- **ACTIVITY**: Copy the listing exactly, images excluded.

- **RECORDED DATA**:
== Segment start ==

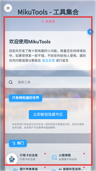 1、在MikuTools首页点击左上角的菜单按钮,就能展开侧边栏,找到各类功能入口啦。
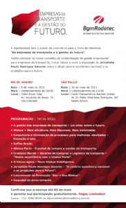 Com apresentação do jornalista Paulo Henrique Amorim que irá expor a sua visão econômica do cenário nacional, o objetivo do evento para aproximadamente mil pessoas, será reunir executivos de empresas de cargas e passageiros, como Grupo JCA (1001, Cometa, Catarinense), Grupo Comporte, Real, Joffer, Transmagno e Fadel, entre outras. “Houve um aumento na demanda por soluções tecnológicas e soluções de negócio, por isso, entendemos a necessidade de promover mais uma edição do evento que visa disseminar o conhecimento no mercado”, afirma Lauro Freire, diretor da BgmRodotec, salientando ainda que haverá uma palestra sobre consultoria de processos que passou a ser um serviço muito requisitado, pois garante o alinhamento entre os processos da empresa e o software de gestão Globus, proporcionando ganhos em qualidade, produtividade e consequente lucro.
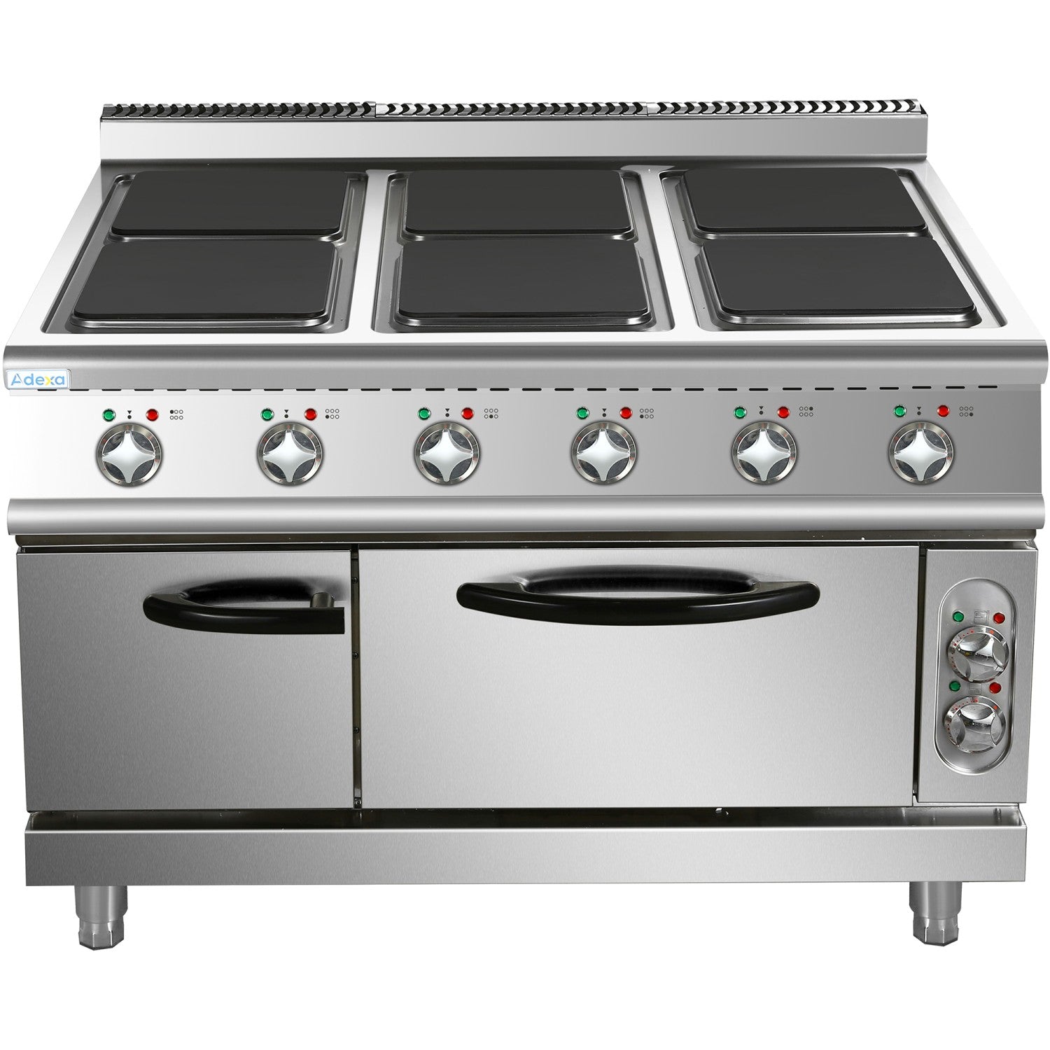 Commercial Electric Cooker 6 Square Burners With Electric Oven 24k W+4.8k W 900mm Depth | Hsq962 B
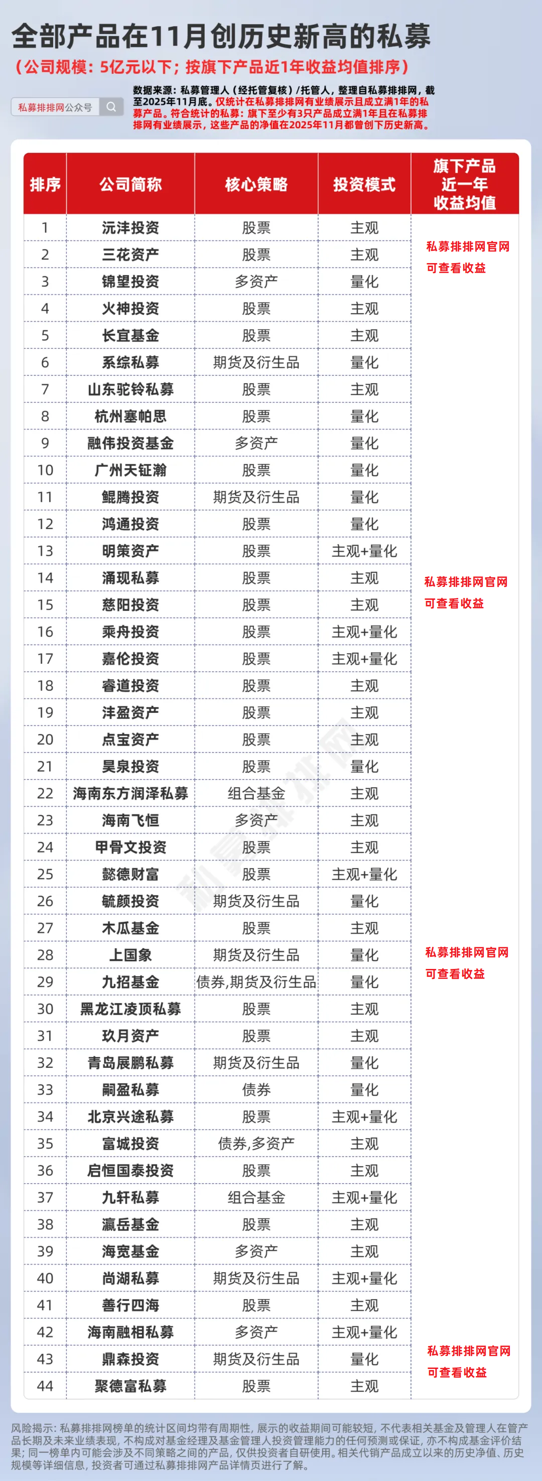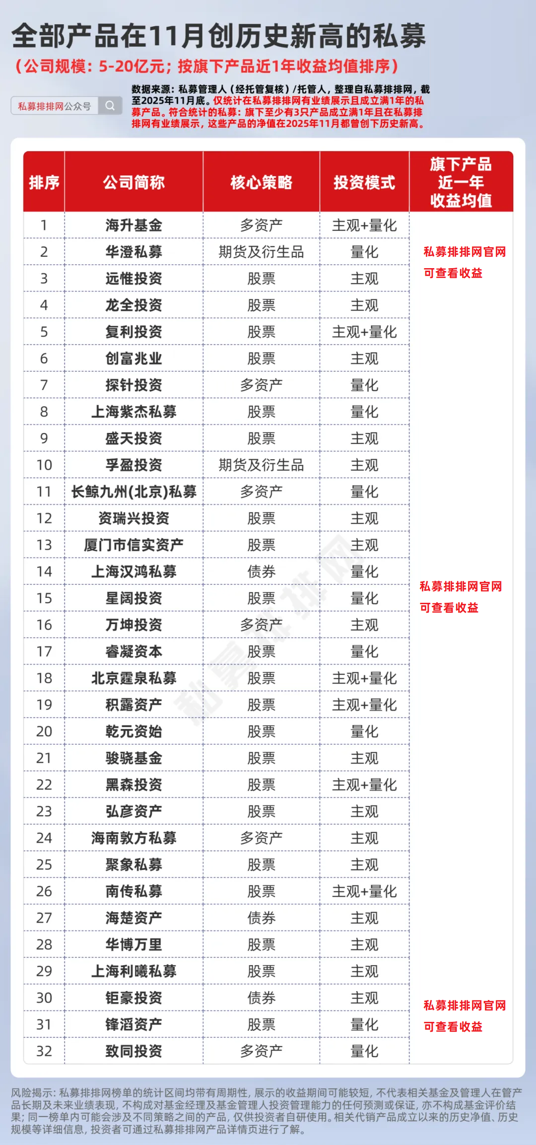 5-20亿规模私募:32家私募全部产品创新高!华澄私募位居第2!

== Segment end ==

- **FINISHED TASK**:
 1、在MikuTools首页点击左上角的菜单按钮,就能展开侧边栏,找到各类功能入口啦。
 Com apresentação do jornalista Paulo Henrique Amorim que irá expor a sua visão econômica do cenário nacional, o objetivo do evento para aproximadamente mil pessoas, será reunir executivos de empresas de cargas e passageiros, como Grupo JCA (1001, Cometa, Catarinense), Grupo Comporte, Real, Joffer, Transmagno e Fadel, entre outras. “Houve um aumento na demanda por soluções tecnológicas e soluções de negócio, por isso, entendemos a necessidade de promover mais uma edição do evento que visa disseminar o conhecimento no mercado”, afirma Lauro Freire, diretor da BgmRodotec, salientando ainda que haverá uma palestra sobre consultoria de processos que passou a ser um serviço muito requisitado, pois garante o alinhamento entre os processos da empresa e o software de gestão Globus, proporcionando ganhos em qualidade, produtividade e consequente lucro.
 Commercial Electric Cooker 6 Square Burners With Electric Oven 24k W+4.8k W 900mm Depth | Hsq962 B
 5-20亿规模私募:32家私募全部产品创新高!华澄私募位居第2!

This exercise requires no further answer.